At step 408, process 400 (e.g., using one or more components described above) receives a first recommendation indicating a computational-workflow environment. For example, the system may receive the first recommendation from the machine learning model indicating the second (e.g., other) computational-workflow environment to execute the first computational-workflow. For instance, the system may generate for display, via a graphical user interface, the first recommendation that indicates a recommended computational-workflow environment that should execute (or otherwise host) the computational-workflow. By doing so, the system may then provide to a user the recommended computational-workflow environment that is best suited to execute the computational-workflow.
At step 410, process 400 (e.g., using one or more components described above) deploys the computational-workflow to the computational-workflow environment.
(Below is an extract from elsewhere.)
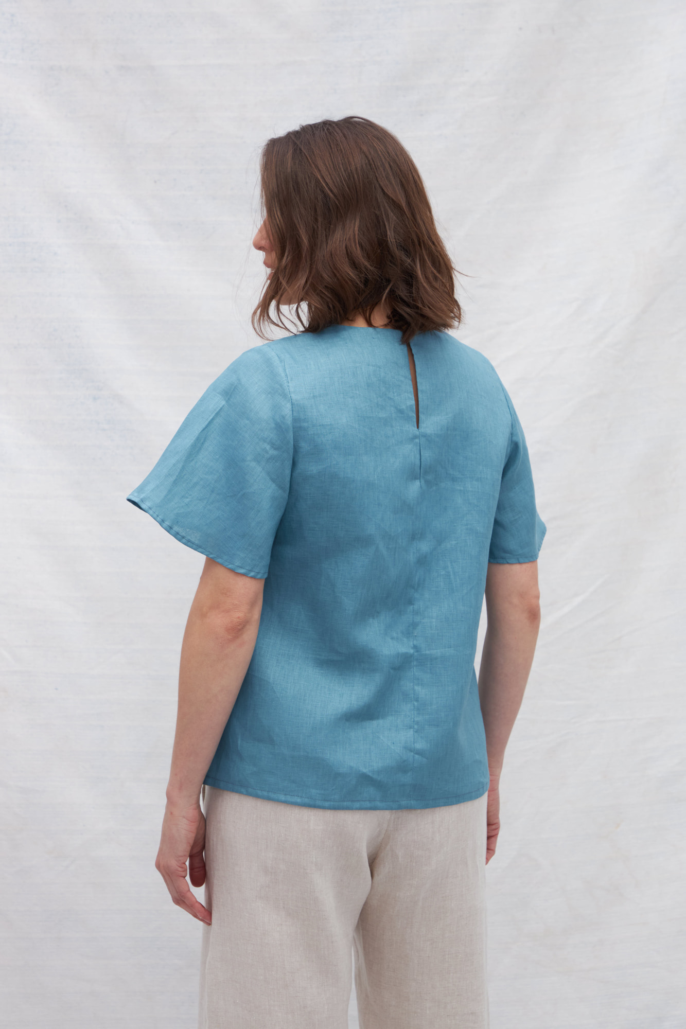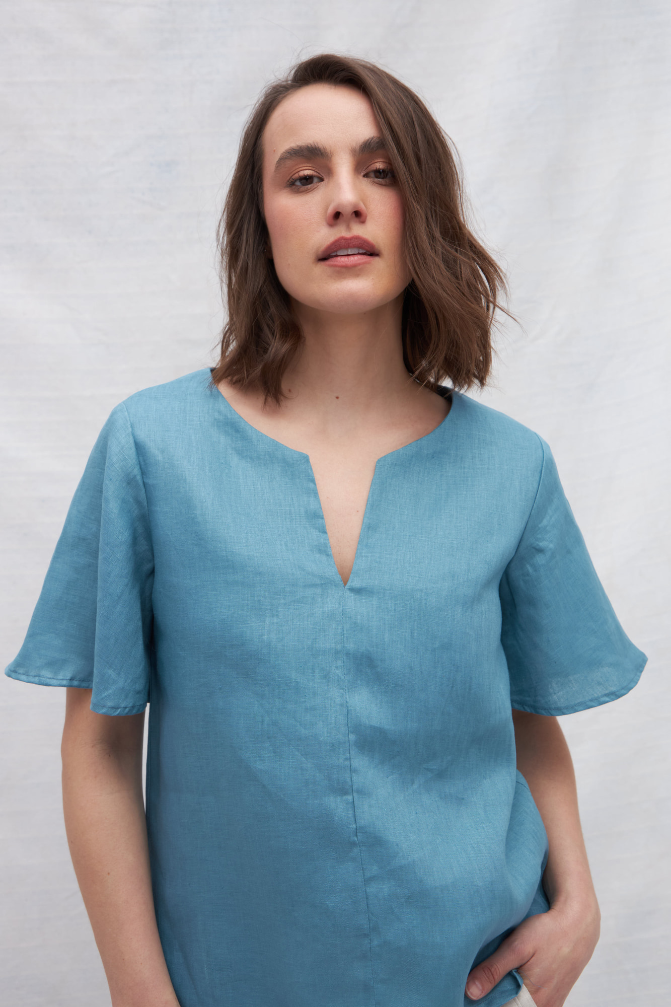 Top de lino con tajo en el escote y mangas cortas con amplitud, que aportan fluidez al movimiento. Un básico versátil, fácil de combinar en diferentes ocasiones.

For example, the system may deploy the first computational-workflow within the second computational-workflow environment. For instance, the system may provide the computational-workflow to the newly recommended computational-workflow environment to be deployed for use. As an example, the system may transmit the computational-workflow to an address associated with a computing system component (e.g., of FIG. 3) that may host the computational-workflow. For instance, the address may be an IP address, a web-server address, a URL, or other computer address that is configured to receive data. The system may package the computational-workflow and transmit the packaged computational-workflow to the computing system component hosting the recommended computational-workflow environment to execute the computational-workflow. In this way, for example, the system may deploy computational-workflows to disparate systems (e.g., to scale the computational-workflow, to redirect the computational-workflow, to transfer the computational-workflow) that are associated with the entity, thereby reducing computational-workflow downtime.
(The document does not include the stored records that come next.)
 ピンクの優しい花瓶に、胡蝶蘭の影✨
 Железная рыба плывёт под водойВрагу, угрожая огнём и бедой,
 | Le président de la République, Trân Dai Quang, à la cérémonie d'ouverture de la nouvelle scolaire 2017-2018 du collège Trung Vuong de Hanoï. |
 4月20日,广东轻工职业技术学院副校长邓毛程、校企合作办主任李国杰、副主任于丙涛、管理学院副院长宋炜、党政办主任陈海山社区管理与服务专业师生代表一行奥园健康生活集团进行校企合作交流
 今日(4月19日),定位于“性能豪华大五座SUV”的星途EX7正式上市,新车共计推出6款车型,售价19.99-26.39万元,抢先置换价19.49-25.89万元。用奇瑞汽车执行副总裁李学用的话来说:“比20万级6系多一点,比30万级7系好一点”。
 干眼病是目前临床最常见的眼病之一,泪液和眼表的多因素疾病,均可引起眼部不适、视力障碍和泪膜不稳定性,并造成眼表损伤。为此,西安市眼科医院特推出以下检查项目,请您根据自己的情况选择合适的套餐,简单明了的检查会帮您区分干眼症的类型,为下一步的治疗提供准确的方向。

In some embodiments, the system can generate a computational-workflow. For example, the system can generate, based on a computing language associated with the second computational-workflow environment (e.g., the recommended computational-workflow environment that the computational-workflow is to be deployed to), a second computational-workflow that corresponds to the first computational-workflow (e.g., the original computational-workflow) that is configured to be executed within the second computational-workflow environment. For example, the system may extract a computing-language identifier associated with the second computational-workflow environment. For instance, as described above, each computational-workflow environment may be written in a given computing language (e.g., C++, Ruby, C#, Python, Java, etc.). For computational-workflows to properly execute within the computational-workflow environment, the computational-workflows must be written in a computing language that is the same as the computational-workflow environment in which the computational-workflow is to be deployed to. To reduce computational-workflow errors caused by incompatibility between computing languages of the workflow and the environment in which they execute, the system may generate a new version of the computational-workflow that is written in a computing language corresponding to the recommended computational-workflow environment.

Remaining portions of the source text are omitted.